Any failure to pay an invoice on the due date shall automatically and without prior notice incur interest at a rate of 10% per annum from the due date of the invoice.
At the same time, the amount of the invoice will be increased by 12%, with a minimum of fifty euros (€50.00), as a fixed and non-reducible conventional indemnity, by right and without prior notice.
Any complaint concerning an invoice must be addressed by the client to SRL PRO-IDIOMA TRADUCTION by registered mail within 8 days of its date. Failing this, the client is presumed to accept it.
ART.VII – LIABILITY
Any claim relating to a failure to perform the contract must be sent by registered mail with acknowledgement of receipt to the PRO-IDIOMA TRADUCTION head office within 15 calendar days following the end of the contractual services in dispute.

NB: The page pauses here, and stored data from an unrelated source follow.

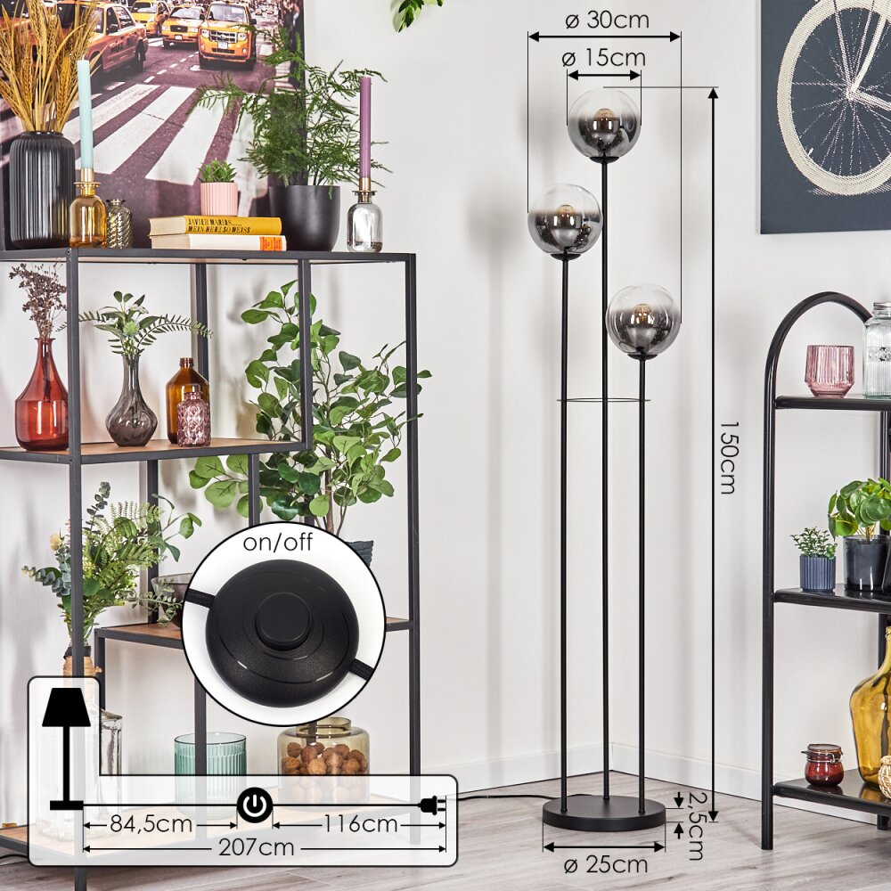 Gastor Staande lamp 30 cm Zwart, 3-lichts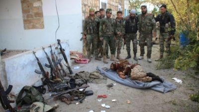 جنود من الجيش السوري يقفون امام جثة مقاتل اسلامي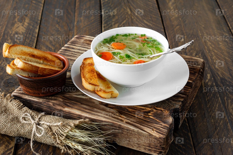 Традиционный куриный суп с лапшой и морковью подается в миске на деревянном фоне

After this period, the customer’s right of complaint is forfeited.
In all cases where the Client claims damage and intends to hold the Service Provider liable for it, the Client must take all necessary steps to limit and reduce the damage.

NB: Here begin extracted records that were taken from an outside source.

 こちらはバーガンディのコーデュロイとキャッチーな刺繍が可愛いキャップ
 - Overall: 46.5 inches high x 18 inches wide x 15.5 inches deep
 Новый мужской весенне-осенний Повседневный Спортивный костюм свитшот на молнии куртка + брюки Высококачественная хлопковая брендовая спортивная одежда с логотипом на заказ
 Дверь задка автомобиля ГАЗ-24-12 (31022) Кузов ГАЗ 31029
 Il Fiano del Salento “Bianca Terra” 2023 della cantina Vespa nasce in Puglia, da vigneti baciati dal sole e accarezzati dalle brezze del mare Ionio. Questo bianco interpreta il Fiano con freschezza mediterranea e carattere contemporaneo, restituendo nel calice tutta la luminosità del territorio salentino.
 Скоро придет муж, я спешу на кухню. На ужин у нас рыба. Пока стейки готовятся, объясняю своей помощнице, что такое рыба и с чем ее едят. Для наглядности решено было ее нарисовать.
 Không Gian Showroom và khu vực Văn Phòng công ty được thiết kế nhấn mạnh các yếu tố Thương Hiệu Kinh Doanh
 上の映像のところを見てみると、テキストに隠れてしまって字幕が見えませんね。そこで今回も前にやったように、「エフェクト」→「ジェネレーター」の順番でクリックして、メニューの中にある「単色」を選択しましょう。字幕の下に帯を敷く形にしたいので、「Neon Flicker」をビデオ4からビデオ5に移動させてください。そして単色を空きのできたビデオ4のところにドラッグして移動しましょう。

In the event of faulty performance by the Service Provider, the damages to which the client may be entitled shall be limited to the modification of the service within the limits of the contract. Any claims by the Customer shall not suspend the payment of the amounts due.
PRO-IDIOMA TRADUCTION will not be held responsible, under any circumstances, for loss of profit, commercial loss, loss of data or loss of earnings, or any other indirect or unforeseeable damage to individuals or professionals.

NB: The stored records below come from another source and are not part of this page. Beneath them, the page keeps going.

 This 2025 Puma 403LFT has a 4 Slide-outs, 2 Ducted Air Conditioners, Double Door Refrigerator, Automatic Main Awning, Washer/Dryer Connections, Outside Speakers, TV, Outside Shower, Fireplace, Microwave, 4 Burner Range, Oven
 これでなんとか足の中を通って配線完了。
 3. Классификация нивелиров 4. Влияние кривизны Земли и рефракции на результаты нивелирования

Claims for damages against SRL PRO-IDIOMA TRADUCTION may not exceed the (net) invoice amount, unless they are legally binding.
This restriction shall not apply in cases of gross negligence or wilful misconduct.
The liability of PRO-IDIOMA TRADUCTION SRL for consequential damages will be excluded in any case.
The responsibility of PRO-IDIOMA TRADUCTION SRL will not, in any case, exceed the amounts paid by its insurance.
PRO-IDIOMA TRADUCTION is insured by AXA Belgium for any professional faults it may commit.
Its liability is limited to EUR 1,000 per claim and EUR 3,000 per calendar year.
ART.VIII – MUTUAL OBLIGATIONS OF THE PARTIES
The Service Provider undertakes to make every effort to give full satisfaction to its Clients in the context of the mission entrusted to it.
The Client undertakes to provide the Service Provider with all information necessary for the proper performance of the assignment.
The translations will be carried out with precision, respecting the content, style and grammar of the original documents.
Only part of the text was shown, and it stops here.